Thursday, October 2, 2008

python and sweet cherrypy

I've been doing a lot of python sever-side programming lately, and I really like it. One diamond in the rough I've found is Cherrypy (http://www.cherrypy.com). Cherrypy is a very lightweight and pythonic web framework that does the bare-minimum needed to get you up and running with a model/view controller framework. After that its all up to you and it pretty much stays out of your way.

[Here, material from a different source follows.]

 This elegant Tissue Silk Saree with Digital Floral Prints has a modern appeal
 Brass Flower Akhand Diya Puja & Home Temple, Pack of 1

At its basic cherrypy is really just an application. They do include an http server that runs pretty well, and you can also run your app as a mod_wsgi or mod_python app.

Lets write hello world:

import cherrypy

class HelloWorld(object):
def index(self):
return "Hello World!"
index.exposed = True

cherrypy.quickstart(HelloWorld())

running this piece of code you see:

[02/Oct/2008:06:55:40] ENGINE Listening for SIGHUP.
[02/Oct/2008:06:55:40] ENGINE Listening for SIGTERM.
[02/Oct/2008:06:55:40] ENGINE Listening for SIGUSR1.
[02/Oct/2008:06:55:40] ENGINE Bus STARTING
CherryPy Checker:
The Application mounted at '' has an empty config.

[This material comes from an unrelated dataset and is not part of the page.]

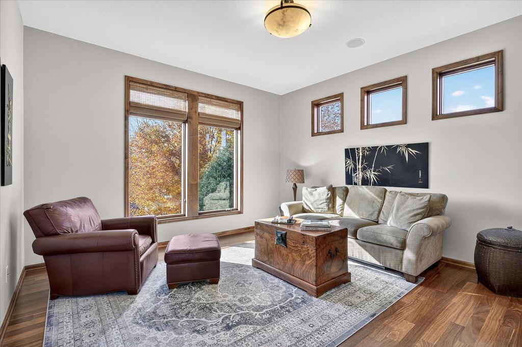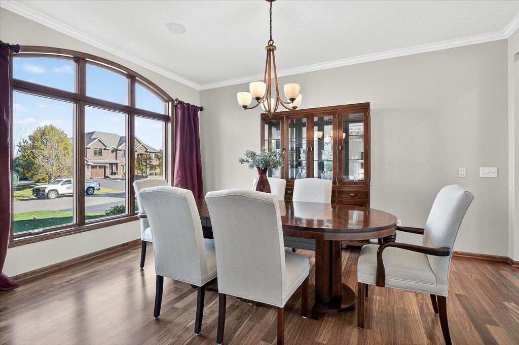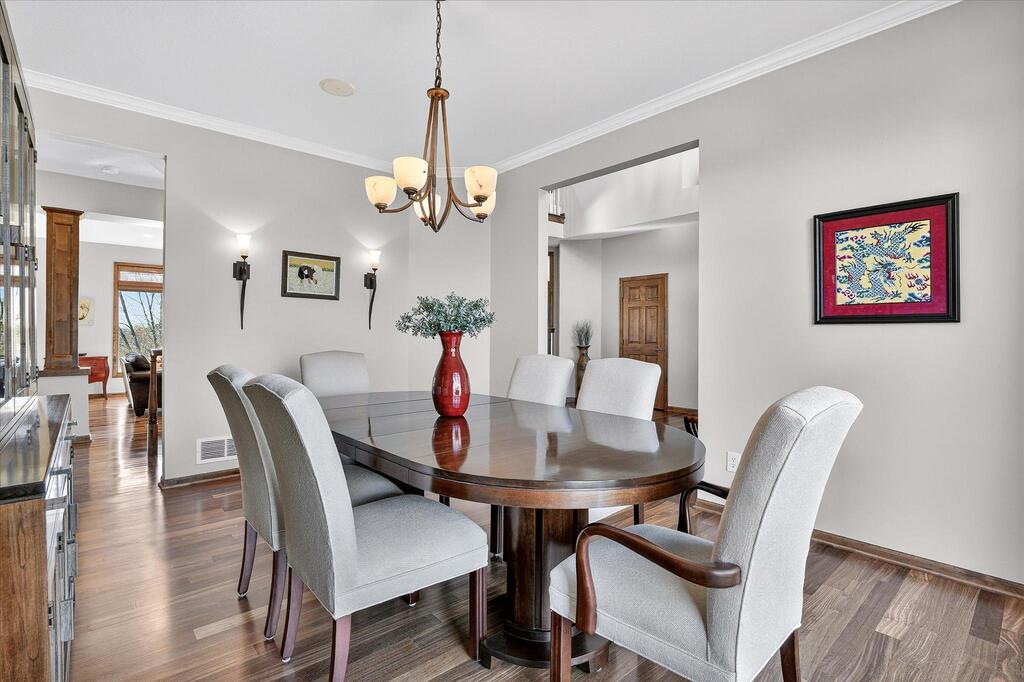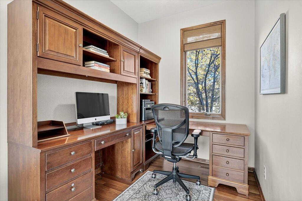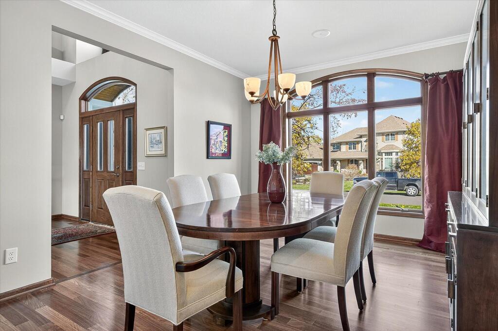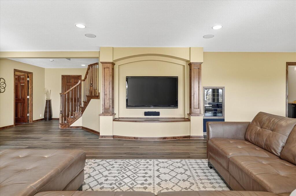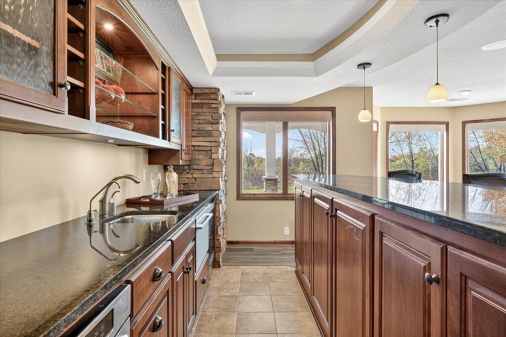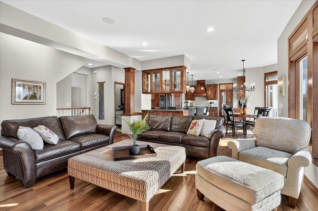 Luxury living in a premier location! Welcome to this stunning 2-story home, situated nicely on a private 1/2-acre lot in Wild Meadows, one of the most desirable neighborhoods in Medina! Just steps from prestigious Medina golf & country club, scenic parks, walking paths, & close to shopping. This conservation community has 345 acres filled with miles of private resident trails & protected wooded/natural areas. Step into the grand 2-story foyer which is open to upper level & enjoys front to back light. The main level fam room is flooded with natural light from expansive windows that frame serene views of a private, wooded lot & tranquil pond & features a striking stone fireplace with a rich wood mantel flanked by built-in shelving. Elegant wood pillars add warmth & architectural charm. Brazilian cherry wood floors flow throughout the main level, leading to the gourmet kitchen, boasting clear alder cabinetry, granite countertops, a beveled subway tile backsplash, & a walk-in pantry. You will appreciate the double wall ovens with convection heating, induction cooktop, & a generous island with seating for four, complemented by an informal dining area. A thoughtfully designed peninsula with added storage & counterspace has a built-in wine fridge & creates a stylish transition between the kit & fam room, enhancing both function & flow. When guests arrive, the spacious formal dining room is perfect for entertaining. French doors off the foyer lead to main level office with an added nook for a desk/work area. Elevated windows provide both extra light & privacy. Enjoy the changing seasons in the 3-season porch featuring in-floor heat & full-view windows overlooking the backyard & woods. Step out onto the maint-free deck for outdoor relaxation. The main level also includes a laundry room with sink/storage/workspace, a mudroom with locker-style storage/large closet, & a convenient half bath. Ascend the open staircase to the upper level, which offers 4 BR's. French doors lead to spacious owner's suite featuring a luxurious bath with wraparound double sinks, white tile finishes, a soaking tub, a glass-enclosed shower, a private water closet, & a custom-organized walk-in closet. 2 additional BR's share a full Jack & Jill bath with double sinks, while the 4th BR serves as a 2nd suite with its own 3/4 bath, walk-in closet, & elevated windows. The walk-out lower level is designed for fun & relaxation. A generously sized fam room with a stone fireplace & built-in benches flows into a custom wet bar area with rich wood cabinetry, granite counters, stone accents, & full appliances. The billiards area sits between the bar & fam room. Step outside to the paver patio & enjoy the park-like yard. 5th BR, 3/4 bath & tons of storage complete the basement. Built-in speakers in many rooms. Oversized 3 car gar with added 25 x 12 heated/insulated workshop (listed as outbuilding). New roof. See supplement for additional updates. This home offers the perfect blend of luxury, comfort, & location. Don’t miss your opportunity to own a truly exceptional property in Wayzata School Dist.

[02/Oct/2008:06:55:40] ENGINE Started monitor thread '_TimeoutMonitor'.
[02/Oct/2008:06:55:40] ENGINE Started monitor thread 'Autoreloader'.
[02/Oct/2008:06:55:41] ENGINE Serving on 127.0.0.1:8080
[02/Oct/2008:06:55:41] ENGINE Bus STARTED

and going to http://127.0.0.1:8080/ you see "hello world".

Thats pretty much it.




I know I know, a lot of you are saying "Wait, why would I use this over something like JEE and rails that does all this majic for me?" There is no shortage of "out of the box" web frameworks that promise a "build your app in hours" magic


I've been using web frameworks going on 9 years, everything from JEE (Jboss), Ruby on Rails, and even Django. And they are all great. The probem is they are opinionated. To try and remove responsibilities from the developer they make decisions for you, for example:

  1. How they create and commit your db session between requests
  2. How many db sessions you can have.
  3. View rendering technologies
  4. which ORM to use
The list goes on and on. And if you are using one of these frameworks you are enjoing all these "freebies" if you agree to follow the opinion and rules set by the framework. However, the moment you have to go against one of these "pre-decisions" you can find yourself wrestling with the framework. Just try to extend RoR to have multiple db sessions. Or JBoss to use a "share nothing" architecture. I usually find these issues come out when addressing scaling issues specific to your user behavior.

With cherrypy's "minimal" architecture you are free to pretty much do what you want, but you have to do it. You decide how db sessions are opened and closed before and after requests, or how your controllers are stuctured. Its all up to you. And the interesting thing is when you start doing many of the "freebies" your self, you find you you weren't getting as much for free as you thought.